# What property ensures that von Neumann entropy is conserved?

So I always had this idea in my mind that unitary evolution in quantum mechanics conserves information (or in other words von Neumann entropy) because unitary evolution preserves the trace. But this cannot be true because general evolution with a superoperator ($$\\rho \rightarrow \rho'$$) of a mixed state does not preserve information and is also trace preserving!
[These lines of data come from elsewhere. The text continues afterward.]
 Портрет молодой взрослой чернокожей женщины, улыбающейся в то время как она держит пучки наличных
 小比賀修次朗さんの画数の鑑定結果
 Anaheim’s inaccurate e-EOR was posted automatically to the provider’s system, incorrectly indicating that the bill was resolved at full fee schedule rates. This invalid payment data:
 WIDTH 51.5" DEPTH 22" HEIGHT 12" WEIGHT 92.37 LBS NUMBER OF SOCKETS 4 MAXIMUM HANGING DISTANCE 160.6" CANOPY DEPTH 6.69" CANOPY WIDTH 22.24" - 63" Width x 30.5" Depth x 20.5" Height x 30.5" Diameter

So what property of unitary evolution preserves the von Neumann entropy? As it is defined as $$S = -tr(\rho \log \rho)$$ and we can always bring this in diagonal form $$S= -\sum_i \lambda_i \log \lambda_i$$, I would expect unitary evolution to preserve the eigenvalues? But I don't find any thing related to this online... Does unitarity imply that "eigenvalues" are conserved or what property makes sure that the entropy is conserved?
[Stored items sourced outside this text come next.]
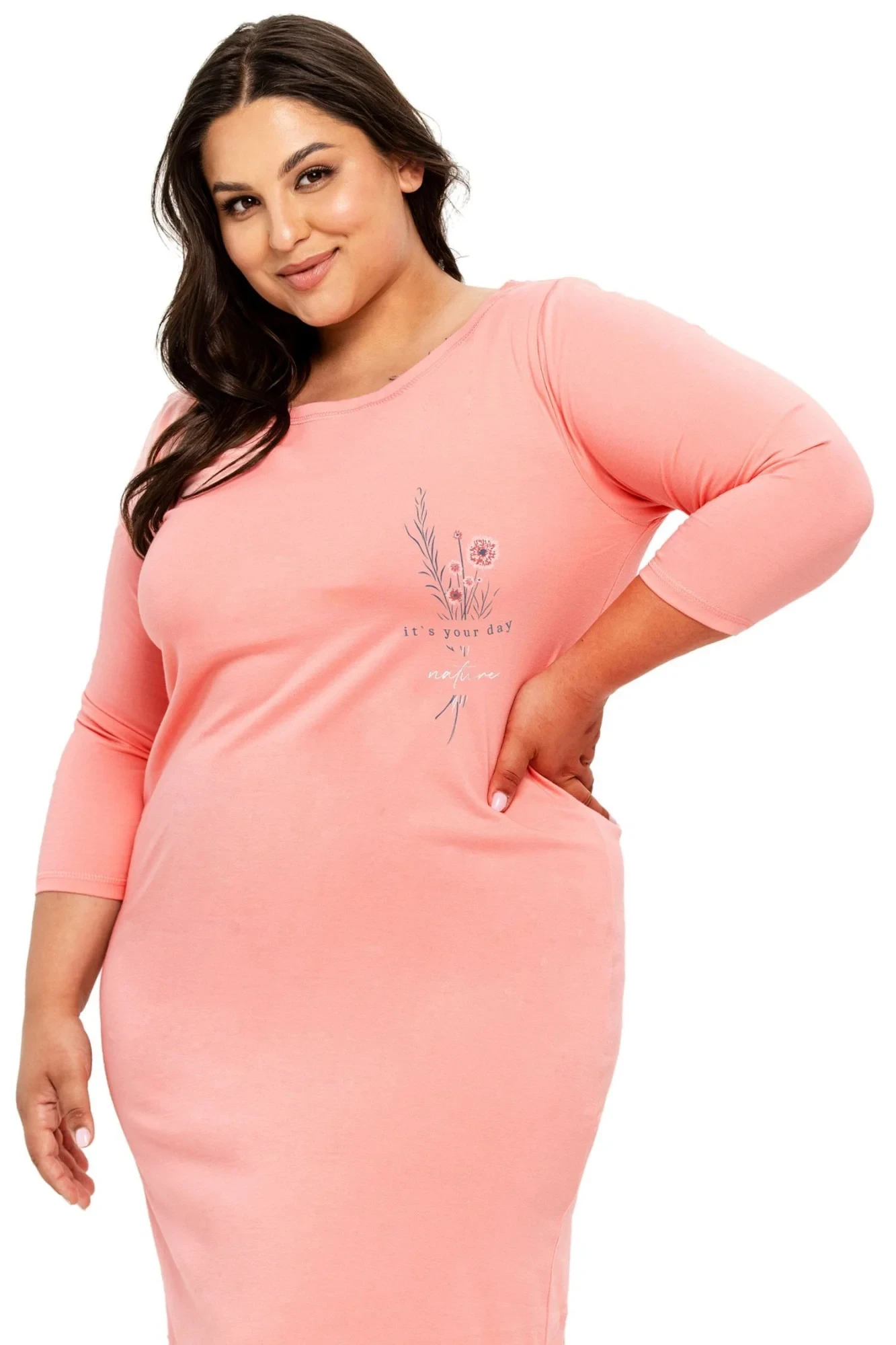 Noční košile 3267 Ashley TARO - růžová barva - z vysoce jakostní bavlny - na přední straně zdobená potiskem - tříčtvrteční rukávy - lemy rukávů a spodní části zakončené jemným řasením
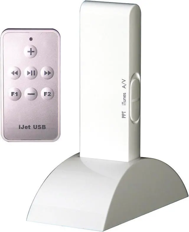 | Features | Designed for PC/Mac computers (desktop or laptop). Up to 150 ft range for RF remote. 3-position selectable switch between PPT, Mac OS, A/V. Customizable to fit preinstalled programs on your computer. No external power supply required. Operates on USB power. Docking station allows maximum reception and easier connectivity when USB port is out-of-reach. 5-button remote with LED confirmation. |
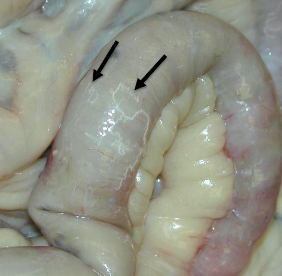 secondary to virulent pathogens that cause necrosis (salmonella and clostridium)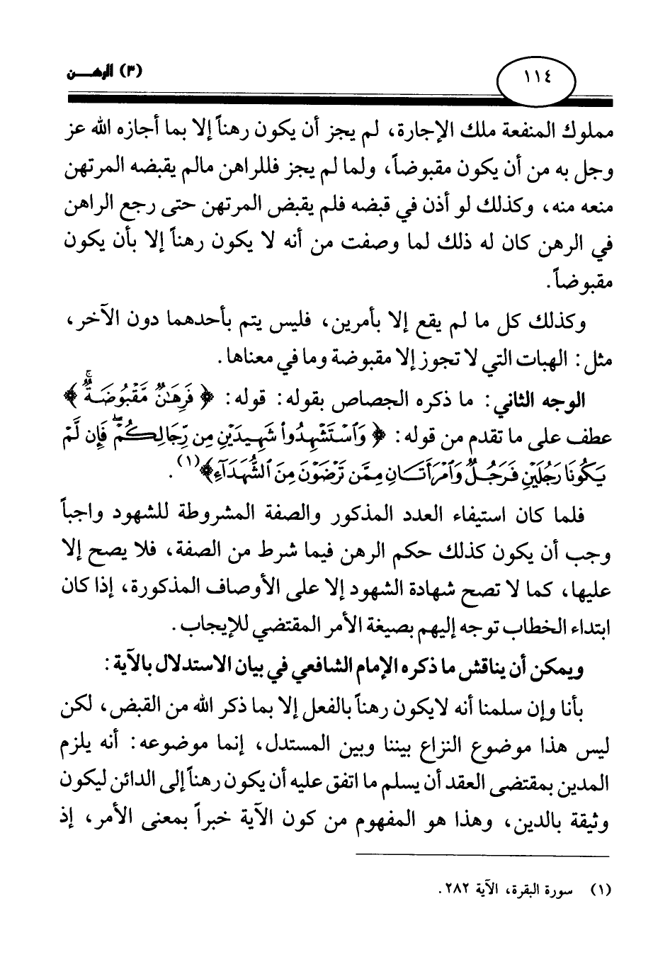 فلما كان استيفاء العدد المذكور والصفة المشروطة للشهود واجبا وجب أن يكون كذلك حكم الرهن فيما شرط من الصفة، فلا يصح إلا عليها، كما لا تصح شهادة الشهود إلا على الأوصاف المذكورة، إذا كان ابتداء الخطاب توجه إليهم بصيغة الأمر المقتضي للإيجاب.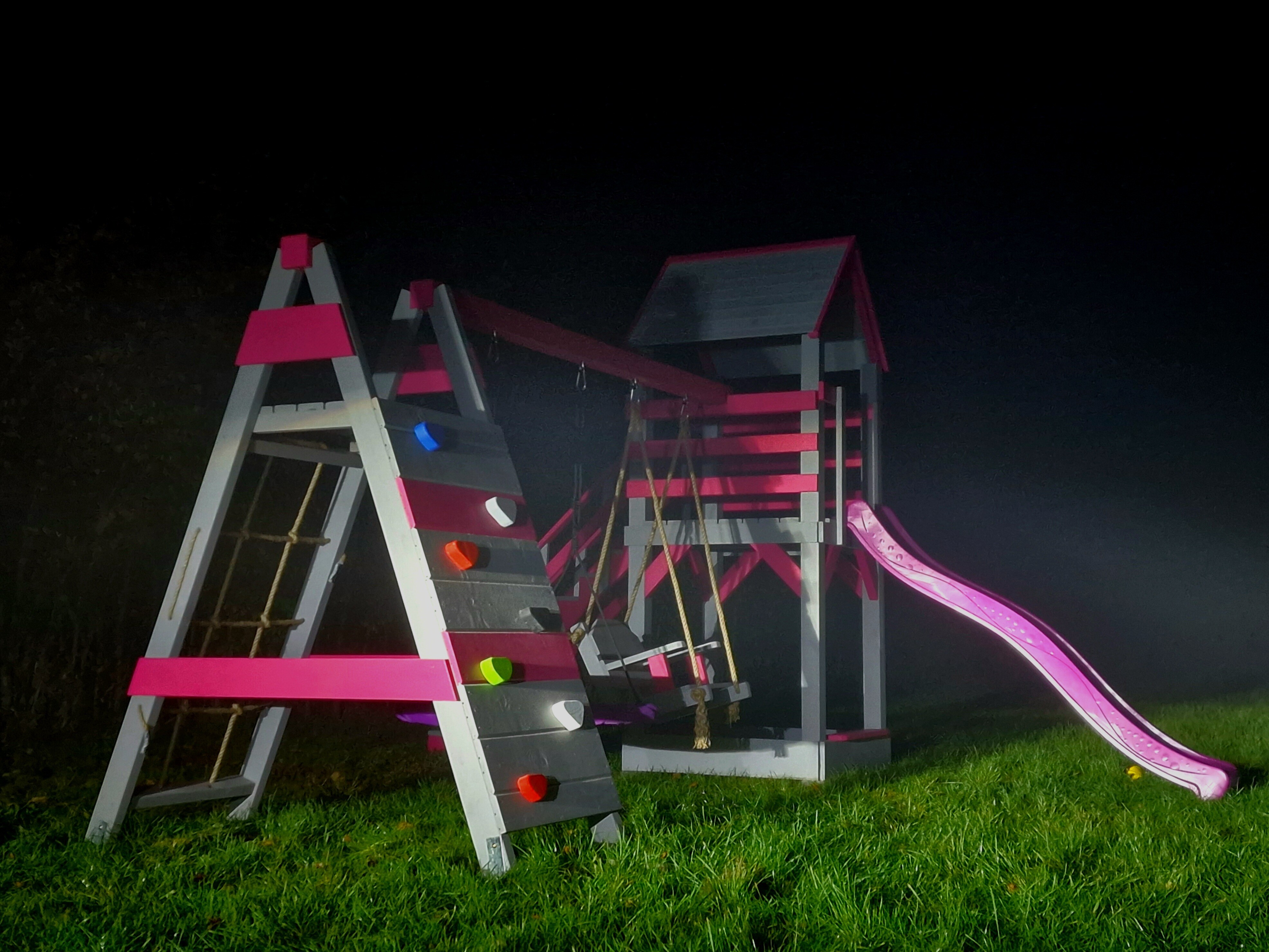 Ślizg oraz huśtawki dostępne są w kolorach: czerwony, szary, zielony, niebieski lub różowy.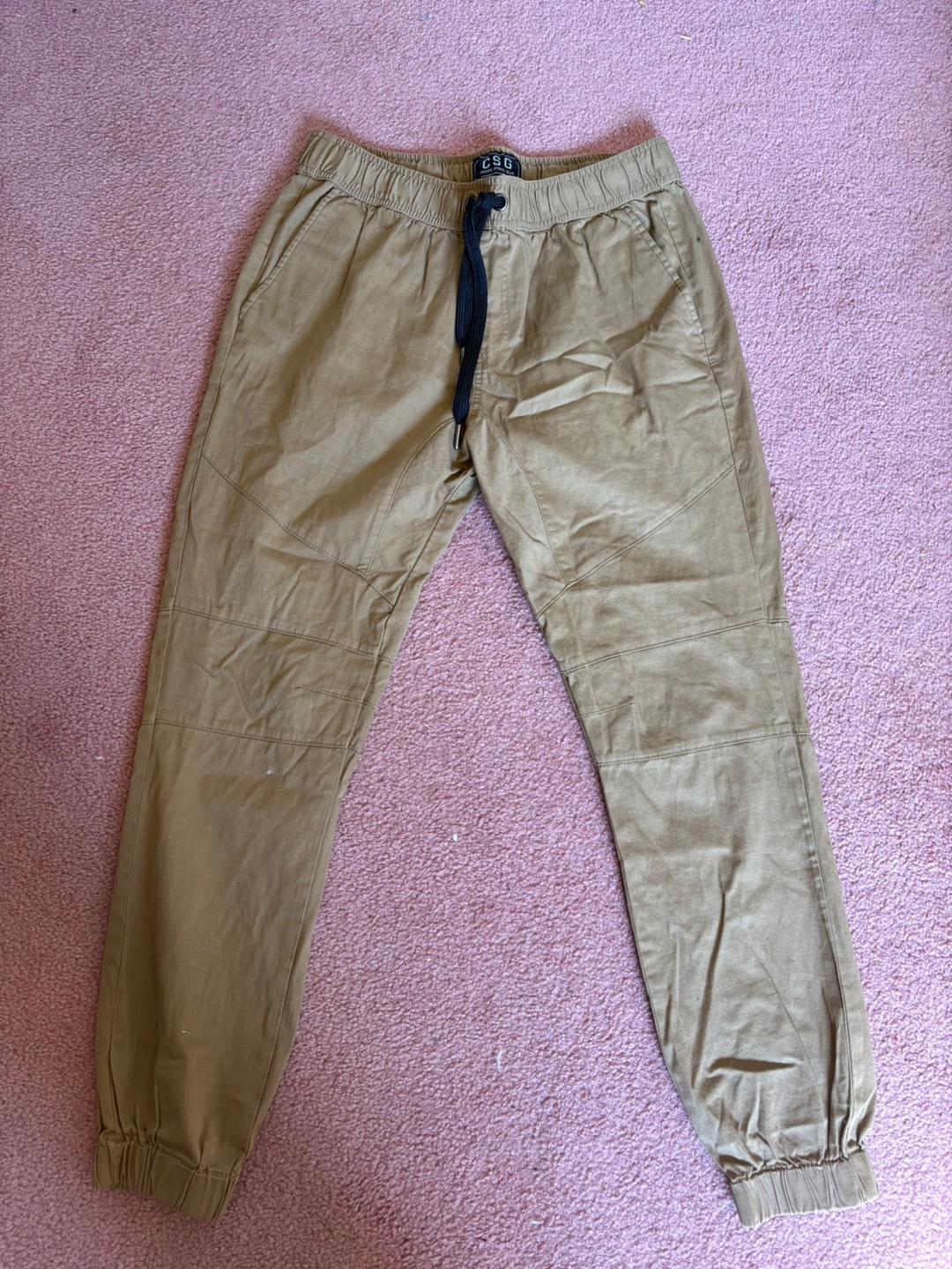 Selling a pair of CSG Champs Sports Gear joggers in size large. They're in great condition and ready for a new home! The colour is a nice neutral khaki.

Yes, unitarity preserves eigenvalues. This is because the definition of eigenvalues is that any Hermitian matrix $$H$$ can be brought into diagonal form by a unitary $$V$$, $$VHV^\dagger=D,$$ and the diagonal elements of $$D$$ are the eigenvalues. So, now consider $$UHU^\dagger$$. This can be diagonalised by a unitary $$VU^\dagger$$ into the same matrix $$D$$: $$(VU^\dagger)UHU^\dagger(VU^\dagger)^\dagger=VU^\dagger UHU^\dagger UV^\dagger=VHV^\dagger=D.$$ Hence the eigenvalues are the same, and the von Neumann entropy is the same.
Having a constrant trace is a necessary condition for preserving the eigenvalues, but is not sufficient - it only ensures that $$\sum_i\lambda_i$$ is constant.